Joanna Rossiter Joanna Rossiter

The art of storing and unveiling

The way an object is stored can magnify its beauty and enhance expectation

The big reveal: ‘Seated Nymph’, 1750-60, by Étienne Maurice Falconet in its 19th-century Chenue box. Credit: Waddesdon Image Library, Mike Fear 
issue 24 April 2021

‘Put beauty first and what you get will be used forever,’ said Roger Scruton in his BBC documentary Why Beauty Matters. The philosopher’s neat elision of beauty and utility is perfectly embodied by Étienne Maurice Falconet’s nymph, who is to be the star of a forthcoming lecture by Waddesdon Manor curator Juliet Carey. This small marble figure would be far less remarkable were it not for the elegance of the 19th-century wooden box in which she is housed.

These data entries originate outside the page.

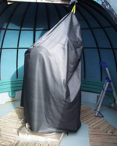SammutusKäännä kaukoputki etelään ja deklinaatioon 0 astetta, jotta käynnistettäessä peruskoordinaatit osuvat suurinpiirtein kohdalleen. Sammuta ensin virta kaukoputkesta kääntämällä virtakytkin Off-asentoon. Tämän jälkeen sammuta vielä virta jalustan virtakykimestä ja irroita käsiohjain sekä okulaari ja kulmaprisma. Tarvikkeet säilytetään huoltorakennuksessa alumiinisalkussa.Peitä putki huolellisesti, jotta mahdollisesti kuvusta vuotava vesi ei pääse kastelemaan kaukoputkea. Mikäli on odotettavissa kosteaa säätä, jätä lämmitin päälle. Muista sammuttaa tornirakennuksen virrat huoltorakennuksen seinän virtakykimestä, ellei lämmitintä tarvita. Jos jätät virran päälle, varmista vielä kerran, että kaukoputki on pois päältä. Jos kaukoputki jää päälle, se 'kuristaa' itsensä deklinaation virtajohtoon ja moottorit voivat vaurioitua.
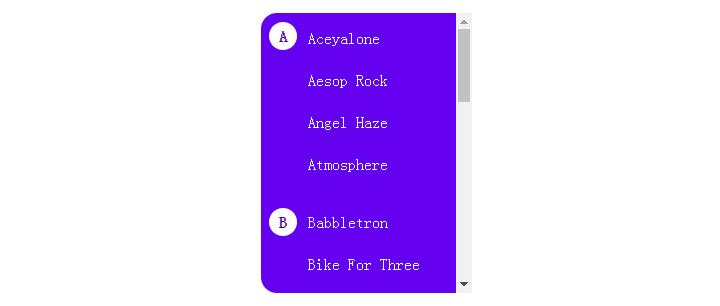 基于js+css3实现的一款简单的侧边栏滚动显示首字母索引特效。
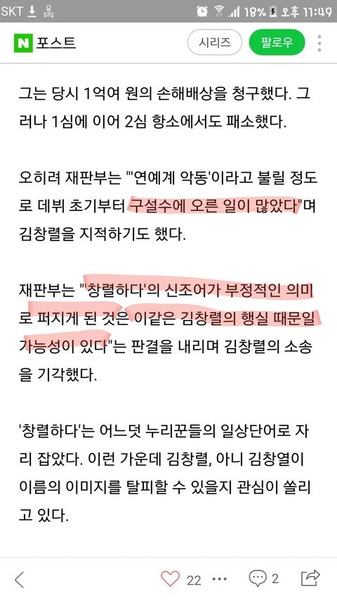 창렬스럽다 로 김창렬이 소송했을때 1심 2심 다 패소 했거든? 그 이유가 뭔지 알아?
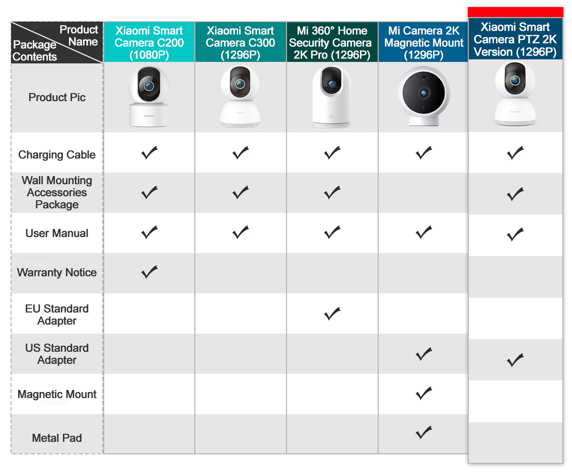 Ниже приведены параметры Xiaomi Smart Camera PTZ 2K версии:
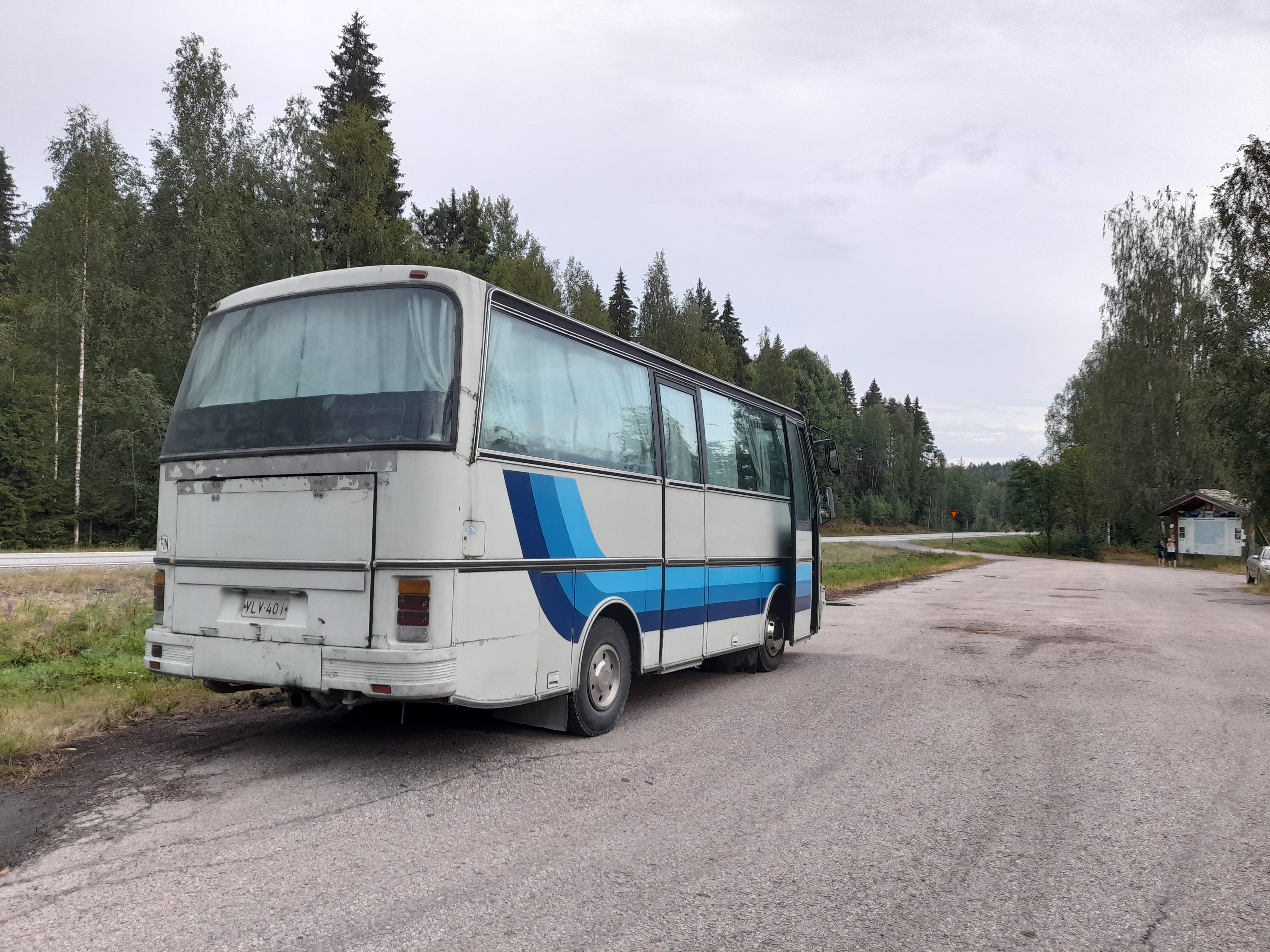 Kolilta päätimme lähteä kotia kohti. Jokapuolella oli vesisadetta ja pari viikkoa oltiin oltu reissussa , porukka tuumasi että lähdetään kotiin. Puolangan kohdalla tuli vielä idea lähteä katsomaan yhtä myynnissä olevaa Vanajaa. Sehän on matkan varrella. Ei muuten sitten ollutkaan. Auton piti olla Pudasjärvestä vähän etelään. Loppujen lopuksi löysimme auton jostain Taivalkosken ja Suomussalmen puolestavälistä keskeltä ei mitään. Eipä ole tullut ajeltua noin pieniä ja huonoja teitä bussilla. Aikamoinen mutka tuli matkaan.

Exquisite, flesh-like pillows of chamois fill the space around the nymph’s form: the box and the sculpture seem at one, as though locked in a dance.

The nymph has been stored this way since the 19th century when Edmond de Rothschild commissioned a set of boxes for his collection from Chenue. The French fine-art storage specialist has been perfecting its craft ever since it transported valuable items on behalf of the noblesse in Marie Antoinette’s Paris.